## The problem
How do the lines read from the one holding "(Ұ, Д) 1- тапсырма" through the last line of the listing? Set them down exactly, pictures omitted.
━━━━━ Given data
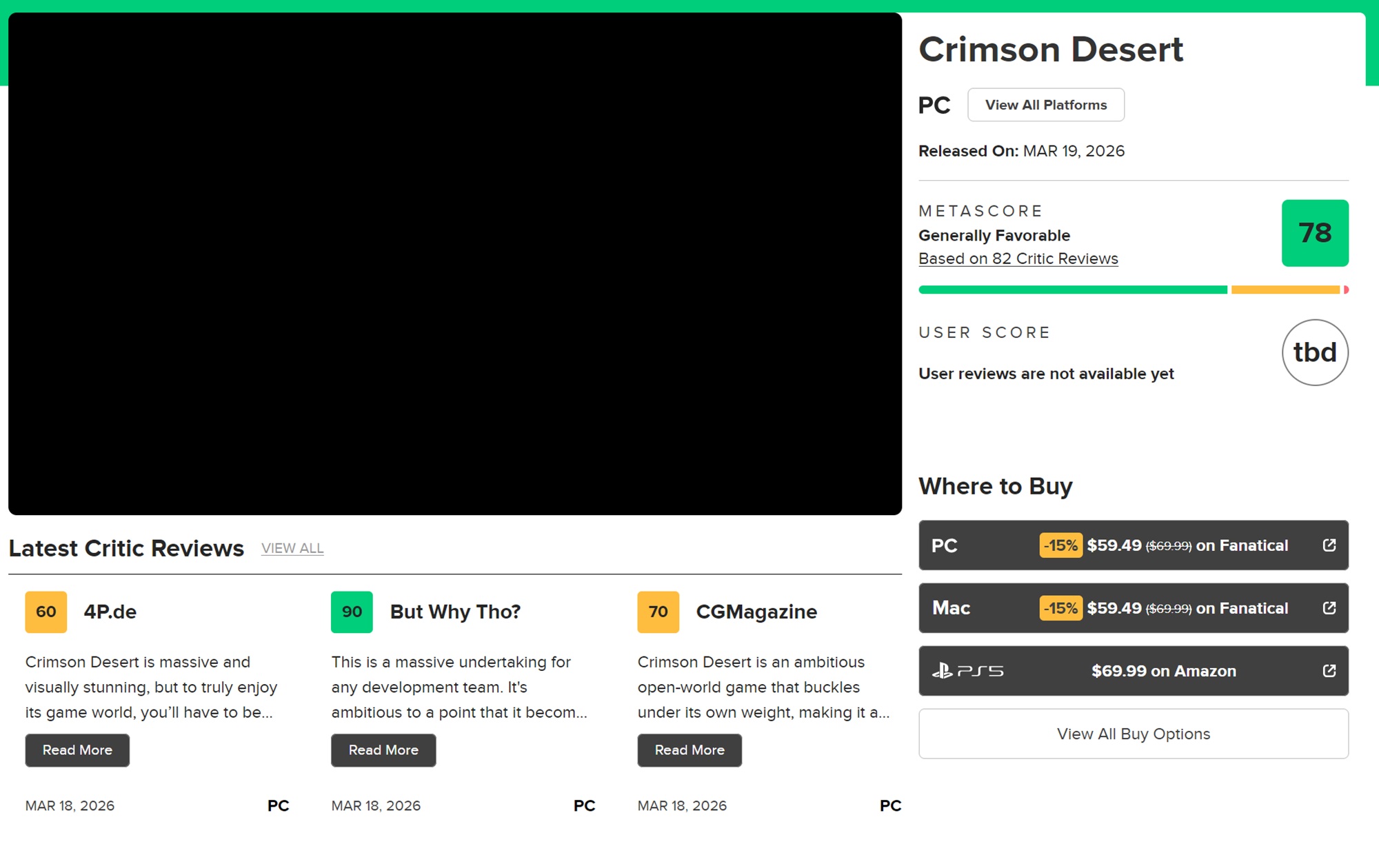 Även om det inte alltid avgör försäljningen kan kritiken ändå påverka köpbesluten. Crimson Desert Crimson Desert granskningsembargo löpte äntligen ut och släppte dussintals utvärderingar på Metacritic. Efter 82 inlämningar har spelet i den öppna världen en Metascore på 78. De flesta webbplatser berömmer sin ambitiösa grafik och fysik, men noterar irritationer som kan frustrera många spelare.
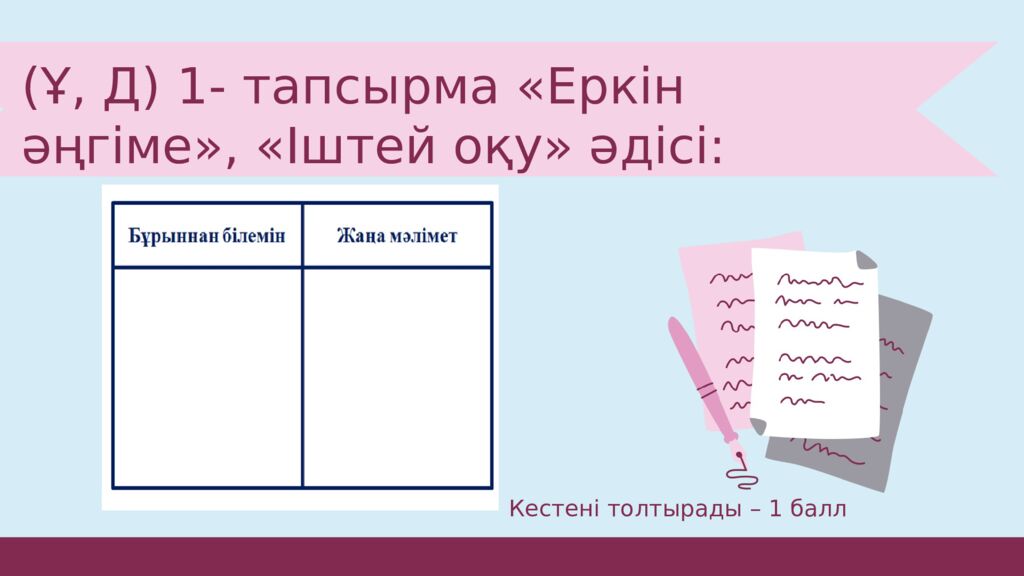 (Ұ, Д) 1- тапсырма «Еркін әңгіме», «Іштей оқу» әдісі: Кестені толтырады – 1 балл
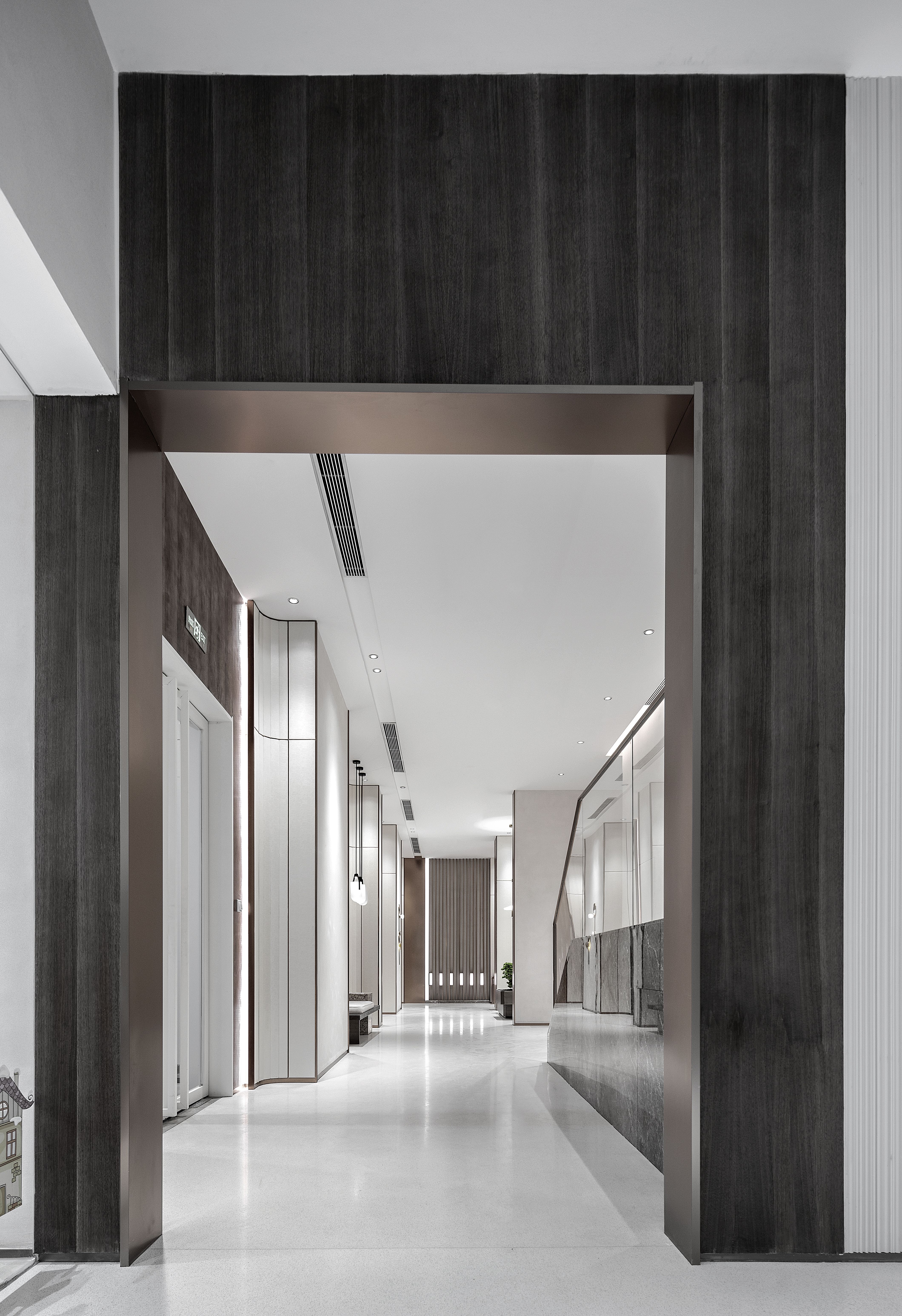 墙面局部采用金属造型板、水波纹不锈钢、生态木,艺术视觉效果强烈,光影交辉与纹理的相互作用晕染室内,呈现出丰富的立面表现。
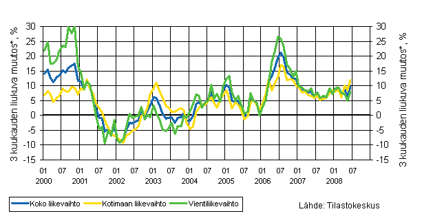 Koko liikevaihdon, vientiliikevaihdon ja kotimaan myynnin kehitys 1/2000 - 6/2008, kolmen kuukauden liukuva vuosimuutos, %
━━━━━━━━━━
## Reply to the task
 (Ұ, Д) 1- тапсырма «Еркін әңгіме», «Іштей оқу» әдісі: Кестені толтырады – 1 балл
 墙面局部采用金属造型板、水波纹不锈钢、生态木,艺术视觉效果强烈,光影交辉与纹理的相互作用晕染室内,呈现出丰富的立面表现。
 Koko liikevaihdon, vientiliikevaihdon ja kotimaan myynnin kehitys 1/2000 - 6/2008, kolmen kuukauden liukuva vuosimuutos, %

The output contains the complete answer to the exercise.